His latest book is The Man Who Would Be King: The First American in Afghanistan by Ben Macintyre.

the title is taken from kipling’s novel of the same name, in which a westerner goes somewhere like afghanistan and is made king. The idea for the story came, at least in part, from Josiah Harlan, the first American in Afghanistan. He served as a general in the pay of the Afghan Emir Dost Muhammad in the 1830s until the British invaded Afghanistan and drove him out. he was very much against the British and then they went to great lengths to discredit his writings by labeling him a liar and a braggart.

what this book shows are a couple of things. Harlan claimed he was offered the royals of central Afghanistan, which his critics said showed he was a storyteller. But Macintyre managed to return to the Harlan family home in Pennsylvania, where he found the original Persian document that made the offer and was signed by tribal leaders in the region. so it turned out he wasn’t lying. His documents also showed what a wild place the Afghan frontiers were in the early nineteenth century. The British had not yet controlled the Punjab and the Sikhs were rising up under Rangit Singh. Josiah Harlan was one of many Westerners who went to work for Indian rulers who used them to modernize their armies.

It first started with the pay of the exiled Afghan ruler Shah Shuja, who gave him money and an army to go to Afghanistan and reclaim his throne. The army falls apart, but Harlan goes alone to Afghanistan, where he meets Shuja’s rival, Dost Muhammad. he likes her better and, keeping the shuja’s money, decides to work for the Sikhs. He becomes Governor of Sind and helps the Sikhs repel an Afghan attack on Peshawar. quarreling with the sikhs, he joins dost muhammad (no hard feelings) and becomes his right-hand man. Because Harlan lives with all of these cultures and serves in the palaces of his ruler, he is a wonderful image of what he was like at the time. expatriates of all stripes (French, Irish, Scottish and Italian) worked, for high wages, to thwart British ambitions in India.

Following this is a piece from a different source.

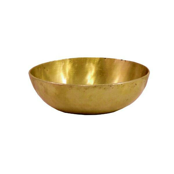 Handgetriebene Klangschale aus Bronze in flacher Form. Ein passender Klöppel wird mitgeliefert.

as the first american in afghanistan, he is very unusual. he crossed the hindu kush at the head of an afghan army but raised an american flag and made everyone salute it. They probably didn’t know what flag it was, but they did! of course, his American relatives must have been equally baffled. Harlan came from an old Pennsylvania Quaker family, so the military business was not in the family, and they must have wondered where all this money sent to them came from.

This is the kind of thing that, if you were a novelist, your publisher would ask you to tone down a bit, but it really happened.